The Mosaic Data Capture Agent
Doug Tody and Francisco G. Valdes
IRAF Group, NOAO 1 , PO Box 26732, Tucson, AZ 85726
Abstract. The Mosaic Data Capture Agent (DCA) plays a central role
in connecting the raw data stream from the NOAO CCD Mosaic controller
system to the rest of the data handling system (DHS). It is responsible for
assembling CCD data from multiple readouts into a multiextension FITS
disk file, for supplying a distributed shared image to real­time elements
of the DHS such as the Real­Time Display (RTD), and for feeding data
to the IRAF­based data reduction agent (DRA).
1. Overview
A brief design of the data handling system (DHS) for the NOAO CCD Mosaic
Camera 2 was presented earlier (Tody, 1997). It is based on a message bus
architecture (Tody, 1998) that connects the various components of the DHS.
One such component is the data capture agent (DCA). The DCA receives streams
of readout data from the acquisition system and builds a data object which is
shared by other components of the DHS. The image data is stored on disk as a
multiextension FITS file (MEF) (see Valdes 1997b).
The DCA is a general purpose network­based data service, using the mes­
sage bus as the network interface. It receives request messages of various types
and, through an event loop, dispatches each request to the appropriate event
handler. The request message types currently implemented in the DCA are for
control, setting or querying server parameters, readout status, data format con­
figuration, and writing header and pixel data. In addition to servicing client
requests, the DCA can broadcast messages to inform clients of the status of the
DCA during readout.
The major subsystems of the DCA at present are the message bus interface,
an event loop and event handlers for processing message requests, a distributed
shared object implementation, a keyword database system, the TCL interpreter,
and a TCL­based keyword translation module.
1 National Optical Astronomy Observatories, operated by the Association of Universities for
Research in Astronomy, Inc. (AURA) under cooperative agreement with the National Science
Foundation.
2 http://www.noao.edu/kpno/mosaic/
120

The Mosaic Data Capture Agent 121
2. DCA User Interface
The DCA may be started by issuing a command at the host level, or invoked as a
service via the message bus. This can occur during login to an observing account,
using a window manager menu, or by interactively issuing a user command. The
command invocation can include DCA server parameters which can also be set
or reset after invocation via messages.
The DCA automatically connects to the message bus when it is started.

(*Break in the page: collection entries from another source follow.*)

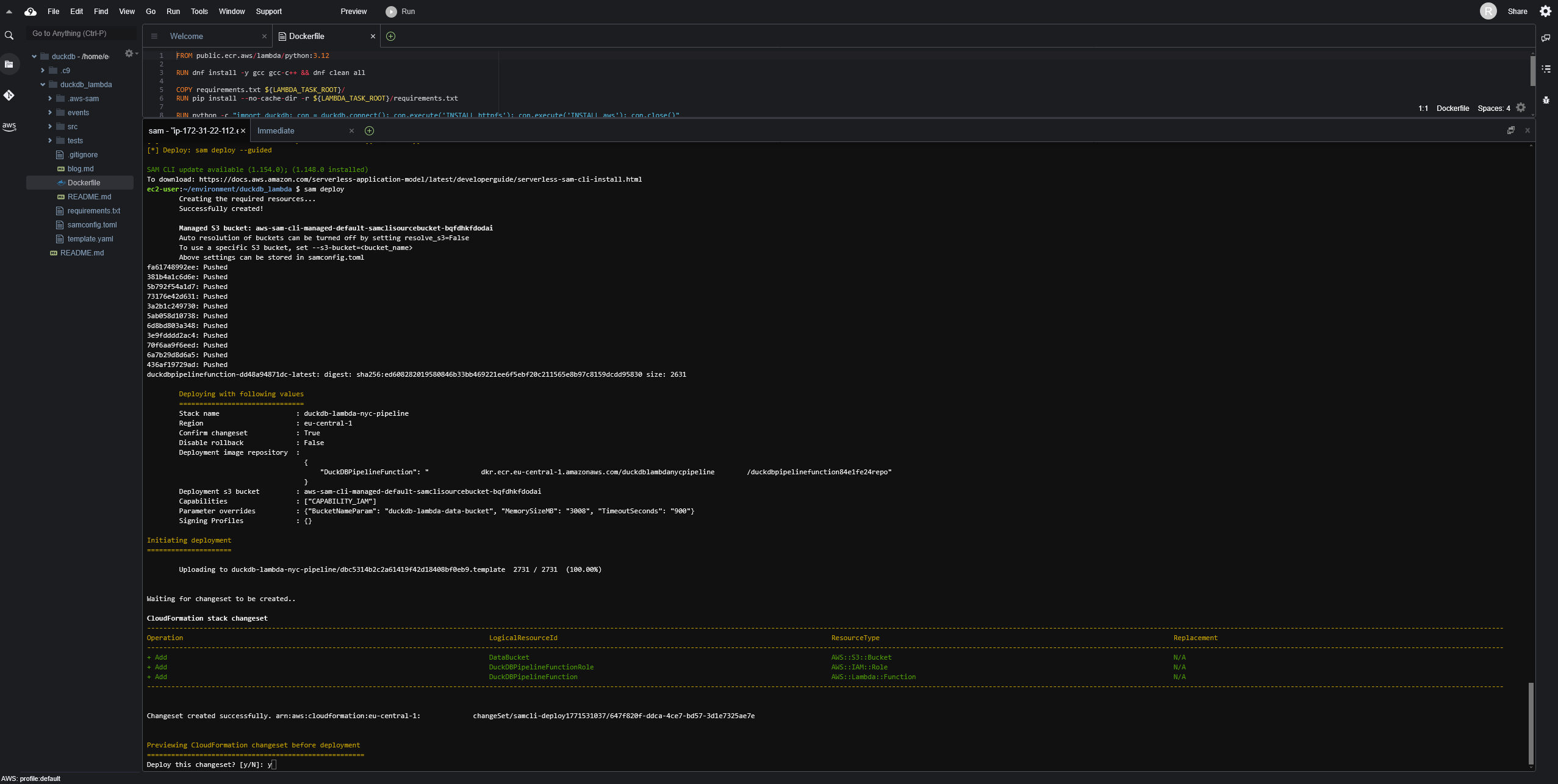Lambda fonksiyonumuz container image olarak çalıştığı için Dockerfile’ı oluşturuyoruz ilk olarak. Dockerfile’da dikkat edilmesi gereken nokta ise DuckDB extension’larının (httpfs, aws) imaj oluşturulurken yüklenmesi. Lambda runtime’ında internete çıkış olmayabileceği için extension’ları önceden yüklüyoruz.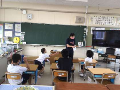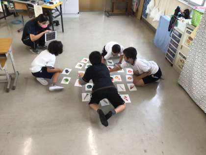 学習用タブレットに映した食べ物の写真と同じカードを見つけるカルタ遊びをしました。楽しみながら、食べ物の名前を覚えていきました。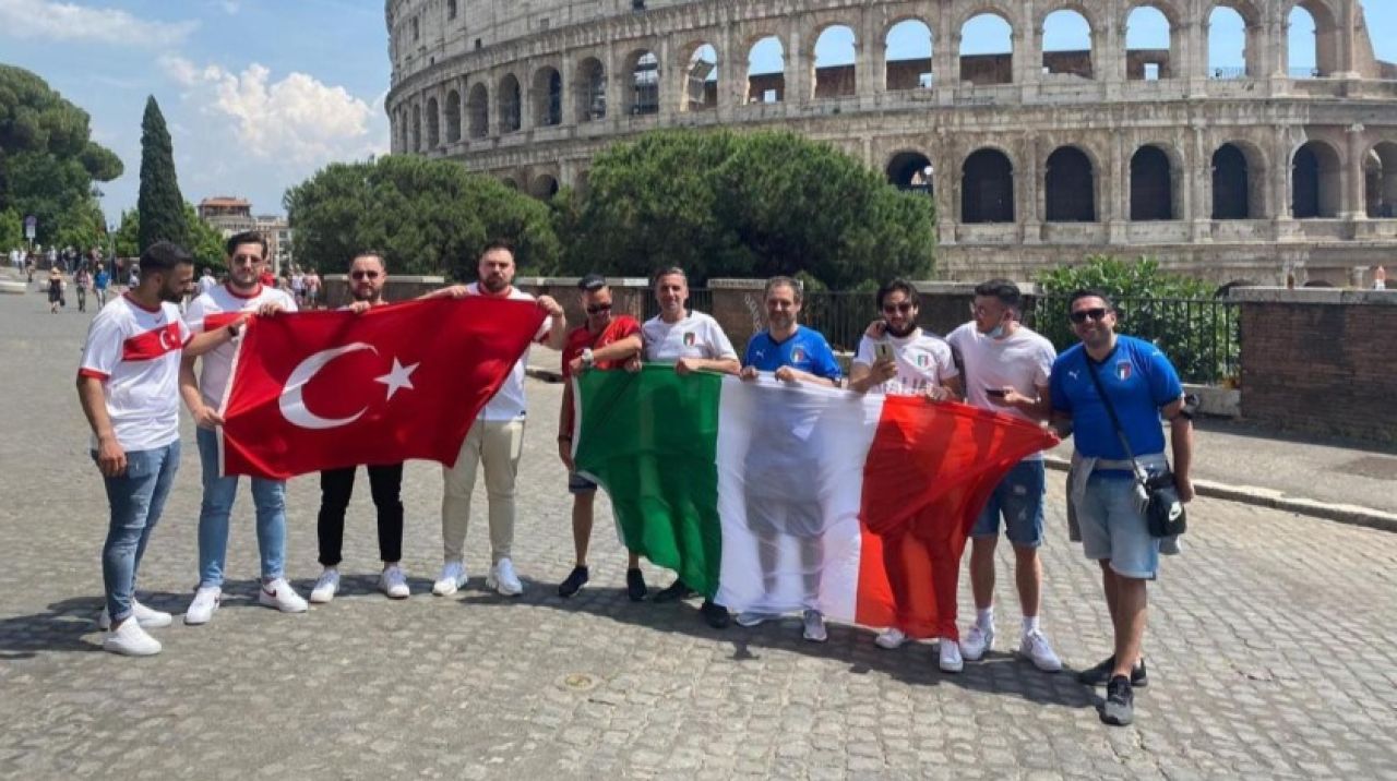 Roma'da Trevi Çeşmesi ve Kolezyum gibi turistik bölgelerde bir araya gelen taraftarlar, Türk bayraklarını sallayarak, tezahürat yaptı ve maç öncesinde ay-yıldızlı ekibe destek oldu.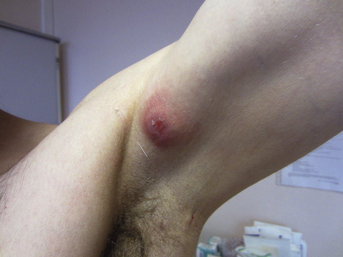 Les lésions précoces sont des nodules douloureux isolés pouvant s’abcéder (fig. 1 ). La répétition de poussées inflammatoires est responsable de cicatrices hypertrophiques et fibreuses en pont, de trajets fistuleux et de comédons ouverts (fig. 2 ). Lésions non typiques : folliculite, bourgeons charnus, cicatrices vermoulues ou à l’emporte-pièce, kystes épidermiques. Pas d’adénopathie ni de fièvre associée.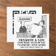 Främjande av Affärskort för ett auktoriserat revisorsföretag. Lustigt illustration visar en klient med en stor spargris. Innehåller QR-kod. Det finns olika webbplatser där du kan skapa och ladda ned QR-koder gratis. QR-koder kan skapas för webbplatser, e-post, WiFi, kort och många andra användor. Ett exempel är https://www.qr-code-generator.com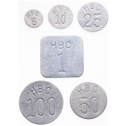 HUDSON'S BAY COMPANY. Eastern Arctic. 5, 10, 25, 50 &100. Gingras-285, 285a, 285b, 285c, 285d. All EF or better. Lot of five (5) tokens.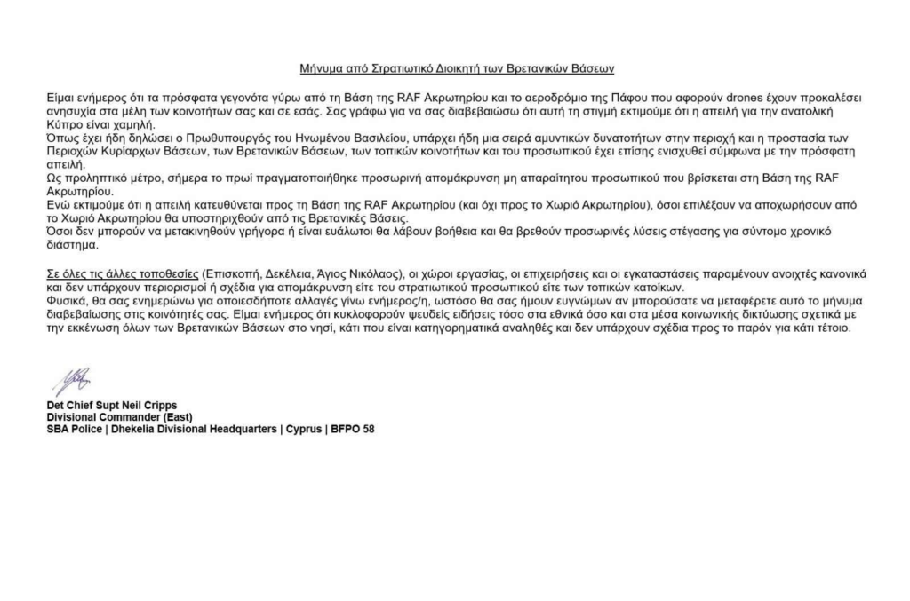 Σύμφωνα με τις ίδιες αναφορές Βρετανοί στρατιωτικοί που υπηρετούν στη βάση και σε άλλες εγκαταστάσεις στην Κύπρο, καθώς και τα μέλη των οικογενειών τους, έλαβαν το βράδυ της ίδιας ημέρας, λίγο πριν τα μεσάνυχτα, ειδοποίηση μέσω ηλεκτρονικού ταχυδρομείου και γραπτού μηνύματος, στην οποία αναφερόταν: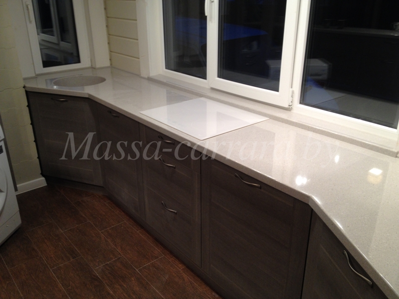 Оригинальное решение объедить рабочую поверхность столешницы с подоконником актуально для малогабаритных помещений. В качестве материала столешницы выступает высокопрочный искусственный камень с идеально отшлифованной поверхностью. Изделие имеет привлекательную глянцевую текстуру, способствующую повышению освещенности кухни. Камень устойчив к теплу и влаге.
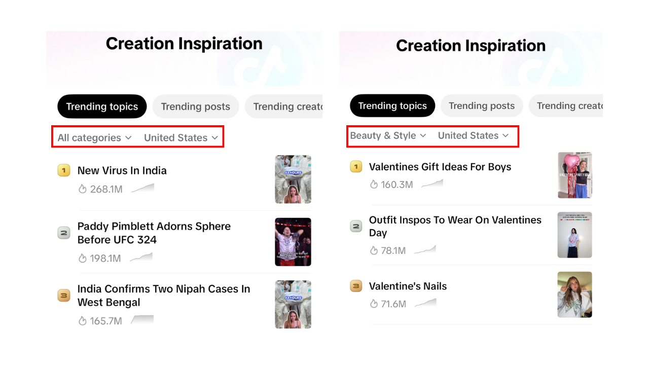 혹시라도 크리에이터가 '소재'가 떨어져 콘텐츠 제작을 그만두는 일이 없도록 영감(Inspiration) 대시보드도 앱 안에서 모두 확인이 가능합니다.

The runtime operation of the DCA is monitored and controlled by clients via
the message bus. In the Mosaic system there are two clients; the data feed
client (DFC) and the DCA console client (DCAGUI). In general any number
of clients can access the DCA. Multiple data feed clients or GUIs can be active
simultaneously.
The DCA console client has a graphical user interface based on the IRAF
Widget Server (Tody, 1996). It can send control and parameter messages to the
DCA and act on messages broadcast by the DCA, e.g., to display the readout
status. Currently the DCAGUI executes an autodisplay command for real time
display during readout (see Valdes, 1998) and a post­processing command for
logging, archiving or other operations once the readout ends.
3. The Readout Sequence
An observation readout is driven by a sequence of DCA message requests. A
readout sequence is initiated by the DFC with a message that includes a unique
sequence number. Once a readout has started, each subsequent message asso­
ciated with that readout must be tagged with the sequence number for that
readout. Multiple readouts can be simultaneously in progress. Each readout
sequence has a separate context identified by its sequence number.

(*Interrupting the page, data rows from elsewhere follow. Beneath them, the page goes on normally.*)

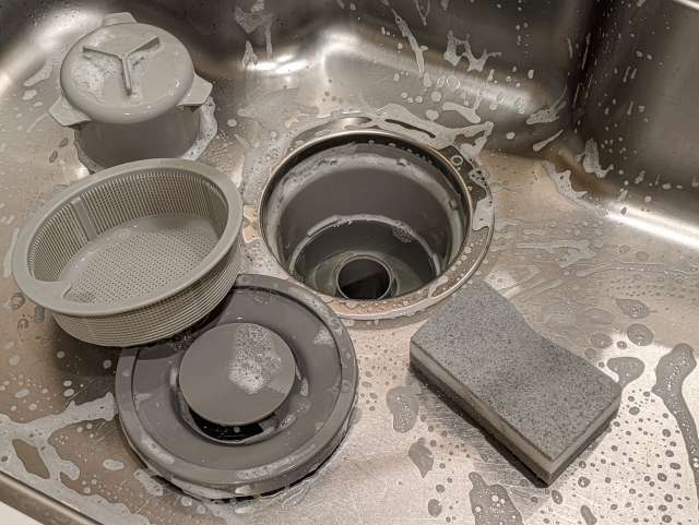 排水溝の蓋、ゴミを受ける網、お椀のような部品など、外せるものは全部外します。古い歯ブラシでゴシゴシ洗って、ヌルヌルを完全に取り除きましょう。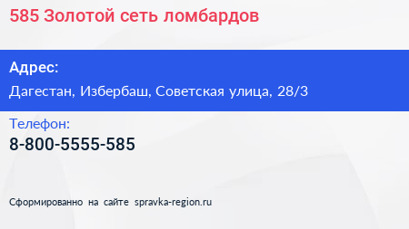 585*Золотой, сеть ломбардов по адресу Дагестан, Избербаш, Советская улица, 28/3 в дальнейшем Организация, размещена в следующих категориях: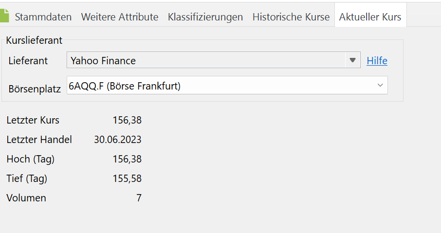 Dann habe ich in dem Wertpapier bei “Aktueller Kurs” den Kurslieferant von “(wie historische Kurse)” auf “Yahoo Finance” geändert, gespeichert und eine Kursaktualisierung angestoßen. Anschließend wurden die Felder bei “Letzter Kurs” auch ausgefüllt:
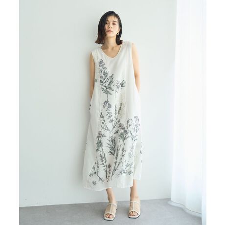 ボタニカル柄を大胆にプリントしたノースリーブワンピース。切り替えパターンで表現した緩やかなAラインシルエットが女性らしい1枚です。レーヨン混のコットンボイルで落ち感があり、サラッとした肌あたりでナチュラルな風合いを楽しめます。前後緩やかなVネックラインで品良く、スタイリングを軽やかに演出。背面にはリボンを施し、実用的なサイズ調整が可能です。春の装いにぴったりなおすすめのアイテムです。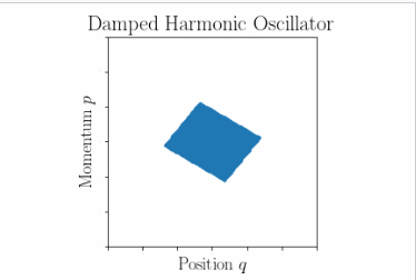 为了明确看到李奥维尔定理的违反,我们可以按照与无阻尼谐振子类似的程序进行,并再次得到: \[ dq_i' dp_i' = dq_i dp_i \left[ 1 + \left( \frac{\partial^2 H}{\partial q_i \partial p_i} - \frac{\partial^2 H}{\partial p_i \partial q_i} - \gamma \right) \delta t \right],~ \] \[ = dq_i dp_i \left[ 1 - \gamma \delta t \right].~ \] 计算我们的新微小相空间体积,并仅保留 \( \delta t \) 的一阶项,我们得到如下结果: \[ \mathrm{d} \Gamma' = \prod_{i=1}^{N} d^3q_i' d^3p_i' = \left[ 1 - \gamma \delta t \right]^{3N} \prod_{i=1}^{N} d^3q_i d^3p_i = \mathrm{d} \Gamma \left[ 1 - 3N \gamma \delta t \right].~ \] 我们发现微小的相空间体积不再是常数,因此相空间密度不再守恒。可以从方程中看到,随着时间的推移,我们预计相空间体积会随着摩擦力的作用而减少至零。

When a readout sequence is initiated the DCA creates a new image­class
distributed shared object (DSO). The DFC passes information about the size and
structure of the object (such as the number of image extensions), allowing the
DCA to configure the DSO. At this point the DFC can begin sending pixel and
header messages. At image creation time the DCA broadcasts a message so that
clients like the DCAGUI can access it if desired. Currently the DCAGUI uses
this to initiate an interim real­time display.
When the readout is completed the DCA executes a keyword translation
module (KTM), an externally supplied, interpreted TCL script which converts
detector specific information into standard header keywords. After the KTM
finishes the DCA and DSO format the output keywords, write them to the
image headers, and generation of the new image DSO is complete. The DCA
broadcasts a message when the DSO is complete which can be used to trigger
post­processing of the data.
3.1. Pixel Messages
The pixel data messages contain blocks of raw, unprocessed detector pixel data
organized into one or more streams, one for each CCD amplifier. Each stream
directs pixels to a region of an output image extension. This structure allows
the data block to simultaneously contain data for several di#erent regions and

122 Tody and Valdes
the data can be arbitrarily interleaved, encoded, flipped, or aliased. Each block
of data is processed asynchronously but the client can send a synchronization
request periodically to check the output status.
3.2. Keyword Messages
The DCA receives header information via the message bus. This information
consists of blocks of keywords organized into named, detector specific keyword
groups. The keywords are stored in keyword databases (an internal random ac­
cess data structure), one per keyword group. The set of keyword group names is
arbitrary. Some examples for the NOAO Mosaic are ICS for instrument control
system, TELESCOPE for telescope, and ACEBn for Arcon controller informa­
tion for controller n.
The Arcon controller system for the NOAO Mosaic consists of a set of
Arcon controllers each of which can readout one or more amplifiers. The current
system has four controllers each reading out two CCDs using one amplifier per
CCD. Thus there can be controller information for the whole system, for each
controller, and for each amplifier readout.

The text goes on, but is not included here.